Background: Longitudinal studies are used in nursing research to examine changes over time in health indicators. Traditional approaches to longitudinal analysis of means, such as analysis of variance with repeated measures, are limited to analyzing complete cases. This limitation can lead to biased results due to withdrawal or data omission bias or to imputation of missing data, which can lead to bias toward the null if data are not missing completely at random. Pattern mixture models are useful to evaluate the informativeness of missing data and to adjust linear mixed model (LMM) analyses if missing data are informative.

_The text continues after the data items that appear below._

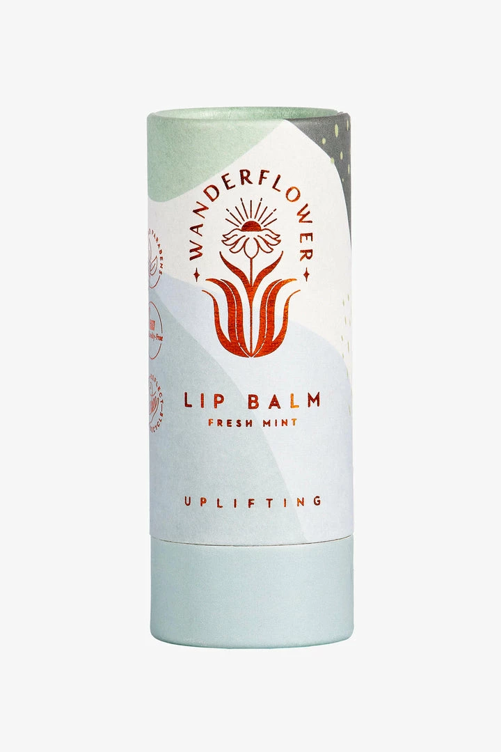Keep your lips moisturized with this reviving, minty Fresh Mint Lip Balm from Wanderflower. The fresh mint fragrance uplifts and awakens the senses. Enriched with shea butter and sweet almond oil
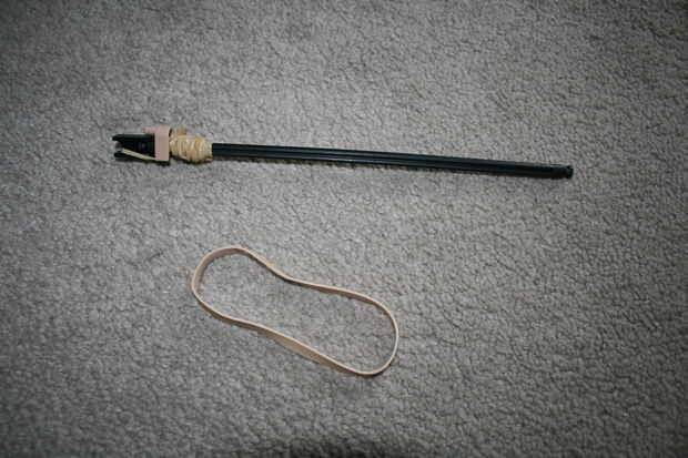 bien, Hola. Este es mi nuevo rifle de asalto. He hecho esto en unas 3 horas. Resultó mucho mejor de lo que esperaba. Dispara unos 40 pies pero tiene un muy buen disparador fuerte así que tal vez 50 pies. El bloque de disparo en el cañón funciona como
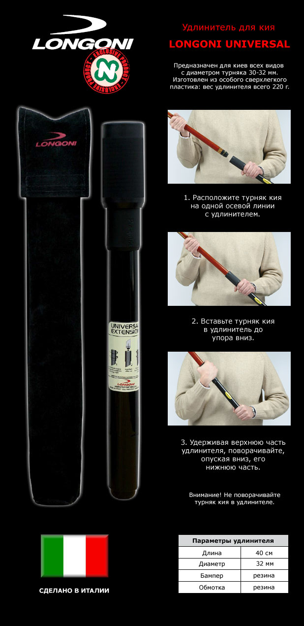 Удлинитель для кия Longoni Universal от известного итальянского производителя бильярдных киев и аксессуаров. Предназначен для киев с диаметром турняка 30-32 мм. Вес удлинителя составляет всего 220 гр.
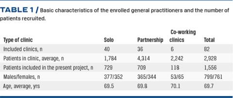 Among the 82 participating GP clinics, approximately half were solo general practices and the rest were partnership clinics. Records of 1,556 COPD patients (51.3% males) with an average age of 69.7 years (range: 36-97 years) were included in the study (Table 1).
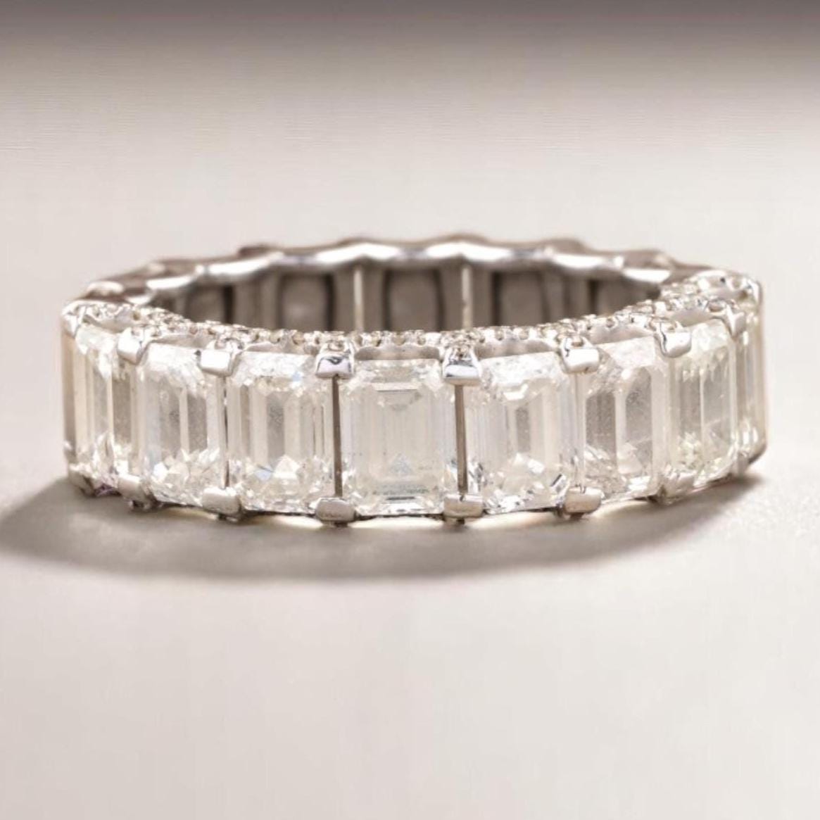 Emerald Cut Diamond Eternity Band, 14k Solid Gold, Natural Diamonds, Half Eternity Promise Ring, Wedding Band, Stackable Ring, Gift For Her
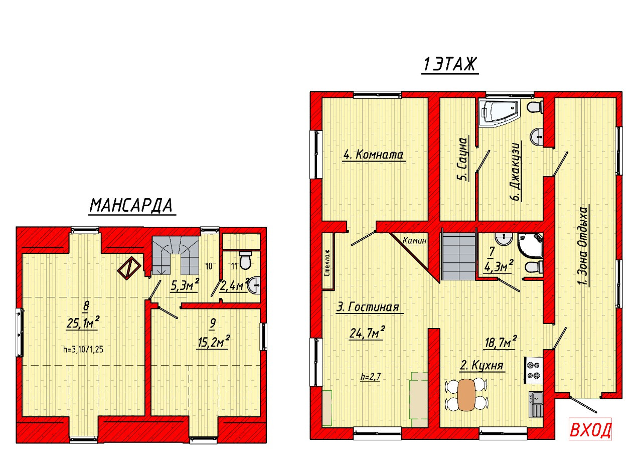 Второй этаж ( спальня 25.1м, детская 15.2м, сан/узел 2м )
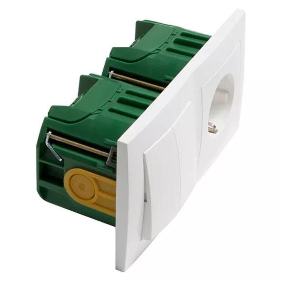 | Kurzbeschreibung | Badora Socketline Wippschalter Universalschalter, SCHUKO Wandsteckdose, Schraubkontakte, 2-polig, living white |
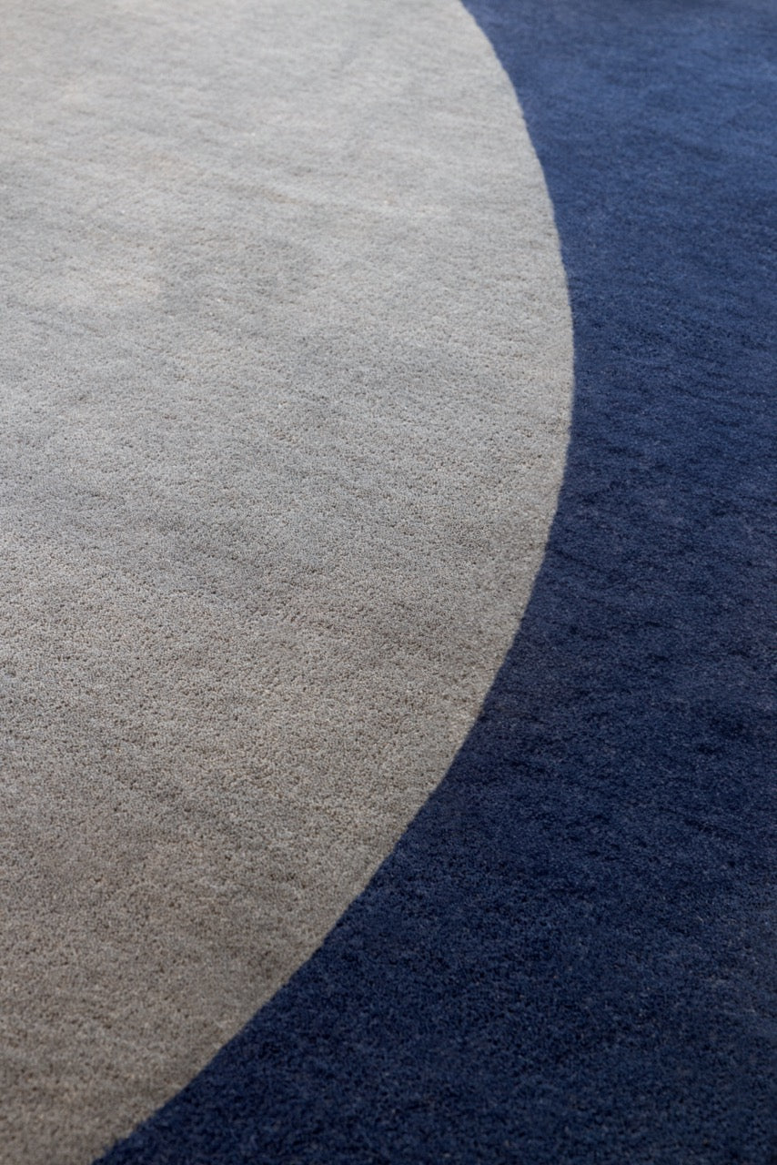 The cotton and latex backing ensures the rug remains stable and secure, maintaining its sculptural form over time. Available in standard sizes and custom made-to-measure options, the Element Arp Blue adapts perfectly to your space.

Objectives: The aim of this study was to provide an example of statistical procedures for applying a pattern mixture model to evaluate the informativeness of missing data and conduct analyses of data with informative missingness in longitudinal studies using SPSS.


Methods: The data set from the Patients' and Families' Psychological Response to Home Automated External Defibrillator Trial was used as an example to examine informativeness of missing data with pattern mixture models and to use a missing data pattern in analysis of longitudinal data.


Results: Prevention of withdrawal bias, omitted data bias, and bias toward the null in longitudinal LMMs requires the assessment of the informativeness of the occurrence of missing data.


Discussion: Missing data patterns can be incorporated as fixed effects into LMMs to evaluate the contribution of the presence of informative missingness to and control for the effects of missingness on outcomes. Pattern mixture models are a useful method to address the presence and effect of informative missingness in longitudinal studies.